MorningWord 2/6/17: Does Amazon Dream of Electric Shoppers?

by Dan February 6, 2017 9:32 am • FREE ACCESS

Amazon is coming. No matter what your established business model is, no matter whether it’s online or offline, you name it. If the product or service has some sort of structured data component, and there is the opportunity for automation of the processes related to delivering said product or service. Then they are coming for you.

At the dawn of the eCommerce age in the 1990s Amazon set its sights on Book and Music stores. For the most part they have both been decimated, and the product digitized. Oddly 20 years on, Amazon is now opening a bookstore in the middle of Manhattan, per Recode.net:

The mammoth online retailer is opening a brick-and-mortar bookstore inside Manhattan’s Time Warner Center at some point in 2017, a spokesperson said. The store will join retailers such as J. Crew, Diesel and Microsoft inside the Shops at Columbus Circle, an indoor mall that also features high-end restaurants. Defunct bookstore chain Borders once operated a location in the same mall.

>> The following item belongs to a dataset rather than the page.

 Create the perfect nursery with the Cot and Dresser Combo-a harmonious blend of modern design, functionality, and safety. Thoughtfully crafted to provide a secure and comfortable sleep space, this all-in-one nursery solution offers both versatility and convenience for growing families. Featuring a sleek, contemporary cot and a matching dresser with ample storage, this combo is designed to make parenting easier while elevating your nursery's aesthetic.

And, back in December, after a successful launch of their local delivery services Amazon Prime Now, Prime Pantry and Fresh Delivery, the company introduced the idea of bricks and mortar grocery stores, but not like ones you have ever been in. Per the Washington Post (which Amazon founder and CEO Jeff Bezos owns):

The store will be powered by a web of technology that allows customers to fill their shopping bags and walk out without going through a checkout process, a concept that has long been discussed in the retail industry but that has not been implemented at major U.S. stores. The idea is that it will shave time off the shopping experience.

Here’s how Amazon Go will work: Customers download an app and then swipe their smartphones as they walk through the store’s entrance. Then they start picking up groceries. In a process that the company does not describe except to say that it involves computer vision, machine learning and artificial intelligence, every item the shoppers tuck into their bags or carts is tracked on the phone. If an item is put back on the shelf, it’s deleted. As shoppers exit, their bill is calculated, a digital receipt appears on their phones, and their Amazon account is charged. This video produced by the company offers visuals that might help you imagine what that will look like.

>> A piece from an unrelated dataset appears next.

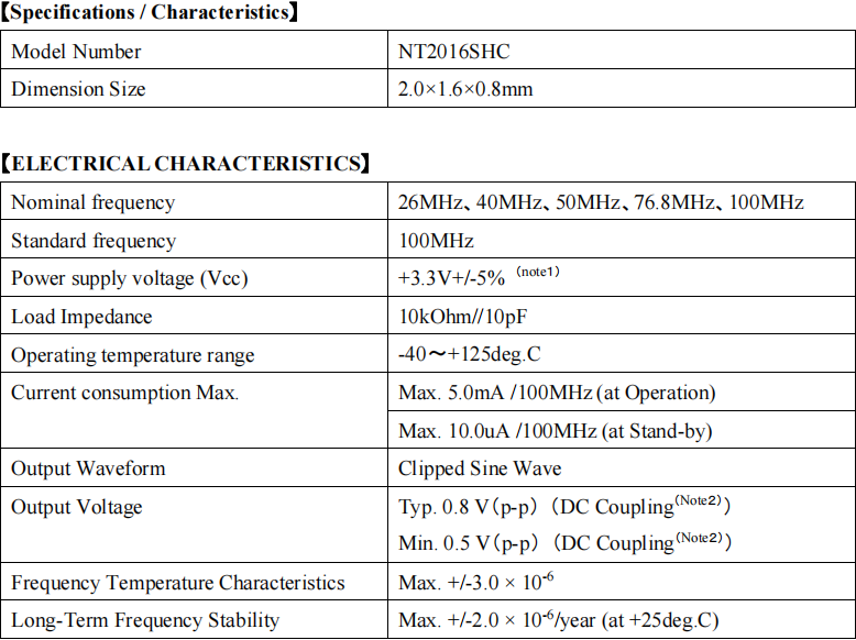 業(yè)界首創(chuàng)高溫操作(+125°C)高頻(高于100MHz)2016尺寸TCXO,NT2016SHC-125.000000MHZ-NSC5389A晶振,日本NDK晶振公司開發(fā)了業(yè)界首款2.0×1.6mm尺寸(0.8mm高度)

Last night the New York Post highlighted the potential for Amazon to not only take on quick stop convenience grocery stores, but also stores “that could span anywhere between 10,000 and 40,000 square feet” and “Amazon will utilize technology to minimize labor” , which could call “for staff to max out at 10 workers per location during any given shift”.

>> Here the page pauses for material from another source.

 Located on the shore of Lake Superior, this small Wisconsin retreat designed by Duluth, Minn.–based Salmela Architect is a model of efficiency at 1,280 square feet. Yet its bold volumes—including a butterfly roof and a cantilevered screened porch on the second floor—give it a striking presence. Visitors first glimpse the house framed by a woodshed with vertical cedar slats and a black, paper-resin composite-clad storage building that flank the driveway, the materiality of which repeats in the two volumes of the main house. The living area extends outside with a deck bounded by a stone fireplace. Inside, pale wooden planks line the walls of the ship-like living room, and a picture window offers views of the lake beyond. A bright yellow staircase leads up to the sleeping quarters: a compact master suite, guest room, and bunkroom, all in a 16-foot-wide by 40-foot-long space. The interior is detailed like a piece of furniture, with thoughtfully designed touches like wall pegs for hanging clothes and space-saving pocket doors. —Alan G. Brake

While investors might immediately think this could be the end of Whole Foods Markets (WFM) and smaller rivals like Sprouts Farmers Markets (SFM), it might make sense for AMZN to purchase the infrastructure and re-automate the stores in locations that consumers are already conditioned to go to.

For instance, SFM operates 220 stores in about a dozen states that include two of the most populous in the U.S. (California and Texas) ranging from 28,000 to 30,000 square feet, with 20,000 employees. The company has about $4 billion in annual sales, that grew 12% in 2016, down from 21% yoy growth in 2015. It’s not just Amazon coming for your grocery store, but big box retailers like Costco, Target and Walmart, and that’s really who Amazon is pitted against, not to mention Kroger that operates nearly 4,000 stores in 35 states nationwide, with $155 billion in trailing 12 month sales. So Amazon’s move has little to do with the likes of WFM or SFM as they have bigger fish to fry, but both will be swept up in the disruption, and one of the two could even be a means to an end for Amazon in their broader grocery battle.

SFM and WFM’s stocks are absolute train-wrecks with SFM down 60% and WFM down 55% from their 2013 all time highs, and it’s starting to feel like M&A is their only way out (maybe among themselves first) of what appears to be a death rattle for this segment of grocery. Both report earnings later this month, we will be sure to check back on both.